Кто была я рядом с ним? Двадцатитрехлетняя аспирантка с копной струящихся каштановых волос и сине-зелеными глазами, с хорошей фигурой и острым (как говорили многие) умом.
Разрешите представиться: зовут меня Мария Крюкова, я два года назад окончила истфак ЛГУ и теперь учусь в аспирантуре под руководством великого и ужасного Николая Павловича Кравченко – который обещал тоже прибыть к нам в экспедицию, но позже, как только завершит дела в институте.
Родом я с Урала, из рабочего поселка Каменский Завод[8]. Отца моего, бойца Красной армии, убили в гражданскую. До революции он был высококвалифицированным литейщиком на заводе, но когда его не стало, маме, которая всю жизнь до того момента не работала, чтобы прокормить нас с моим старшим и любимым братиком Валей, пришлось пойти в семью местных врачей прислугой. Происхождения я, по счастью, числилась самого пролетарского, и никаких препятствий для поступления в вуз мне советская власть не чинила. Братик мой, на три года старше, был книгочей, умник. Знал множество интересных вещей обо всем на свете. Он и мне многое рассказывал, и читать я полюбила, – в семье, где мать прислуживала, имелась прекрасная библиотека. Вдобавок учителя у нас в школе первой и второй ступени преподавали прекрасные. Правда, мой самый любимый предмет, историю, в школе второй ступени вовсе отменили, заменив обществоведением. Однако книги и рассказы братика никто не отменял. И в вузах историю до сих пор преподавали. Вследствие чего, закончив вторую ступень, я собрала чемоданчик и уехала вслед за братиком в Петроград, тогда еще не получивший имя великого вождя. Меня приняли на рабфак, но быстро заключили, что учить меня там довольно глупо и нечему, и перевели на первый курс истфака.
Братик мой выбрал инженерную стезю. Он увлечен был своими электротехническими опытами и изысканиями, поэтому виделись мы в Ленинграде редко, но красивейший город и без того предлагал мне множество интересного. Представляете, я даже застала знаменитое наводнение 1924 года, когда вода поднималась выше второго этажа и по Васильевскому можно было передвигаться только на лодках. Учась в вузе, я не только жадно впитывала то, что вкладывали в меня профессора, включая великого и ужасного Кравченко, но и повышала свой культурный уровень путем посещения Эрмитажа, Русского музея и других собраний бывшей столицы.
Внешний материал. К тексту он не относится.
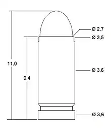 | 2,34mm rimfire[3] | 2,34 (.092) | 6,1 (.240) | 2,8 (.110) | ? | ? | ? | 9,13 (.359) |
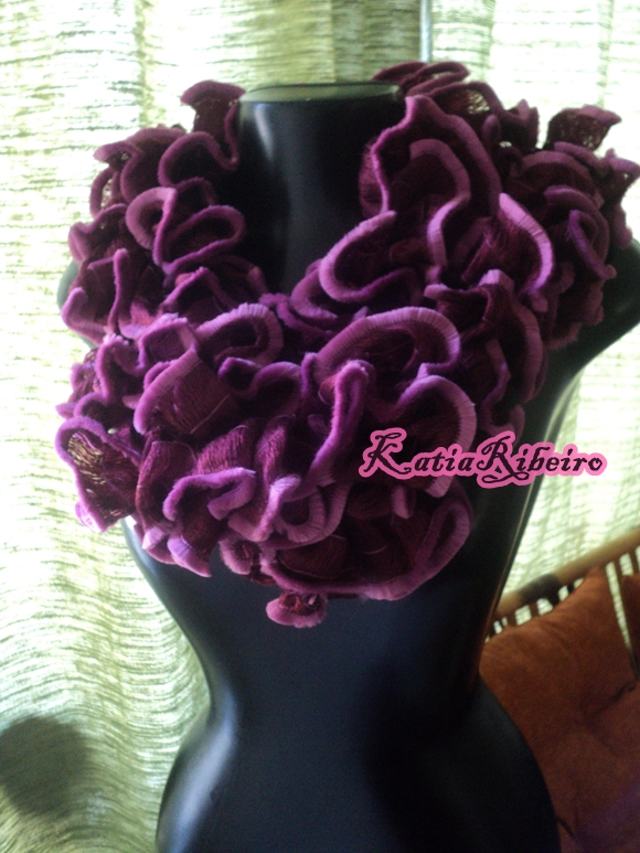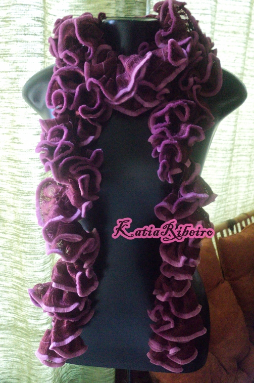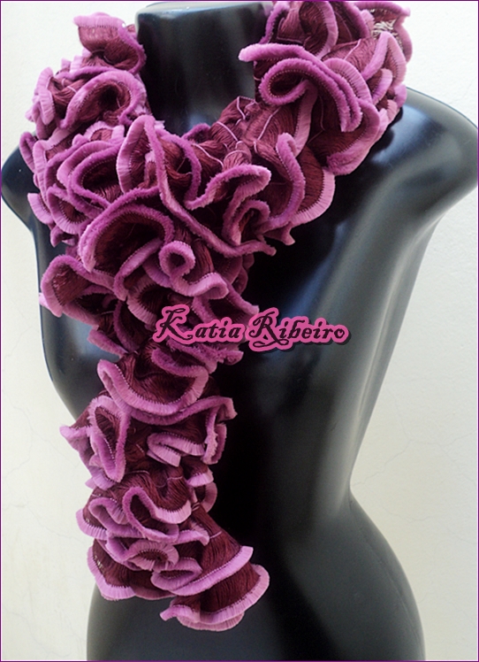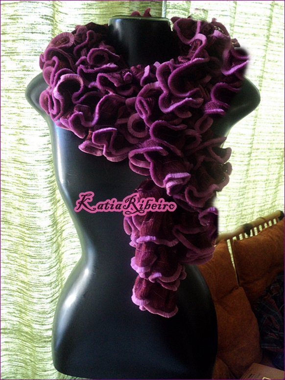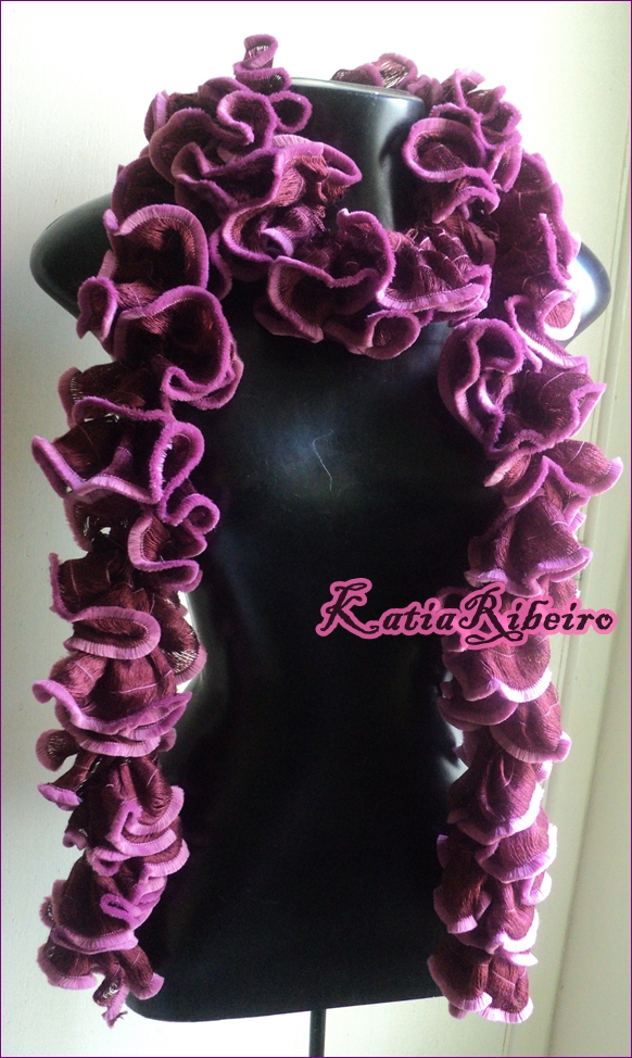 Hoje vou mostrar o fio Supremo Mirela, ele é macio e tem linda combinação de cores, fiz ele todo em crochê (fui fechando de oito em oito intervalos para ficar os babadinhos), nas pontas ele tem um veludo desfiado maravilhoso, as cores também são bárbaras.

Ходила на гастроли театра Мейерхольда и «Теа-джаза», побывала на премьере первой симфонии молодого гения Шостаковича, слушала оперу «Воццек» и видела, как на поклоны выходит специально приехавший в наш город композитор Альбан Берг. Несколько раз прорывалась на вечера Маяковского – на одном он впервые читал свою новую поэму «Хорошо!». И когда Михаил Чехов приезжал на свой единоличный концерт незадолго до отъезда на чужбину, сумела достать на него билетик. И на гастролях остального МХАТа мне довелось увидеть нашумевшие «Дни Турбиных» молодого драматурга Булгакова.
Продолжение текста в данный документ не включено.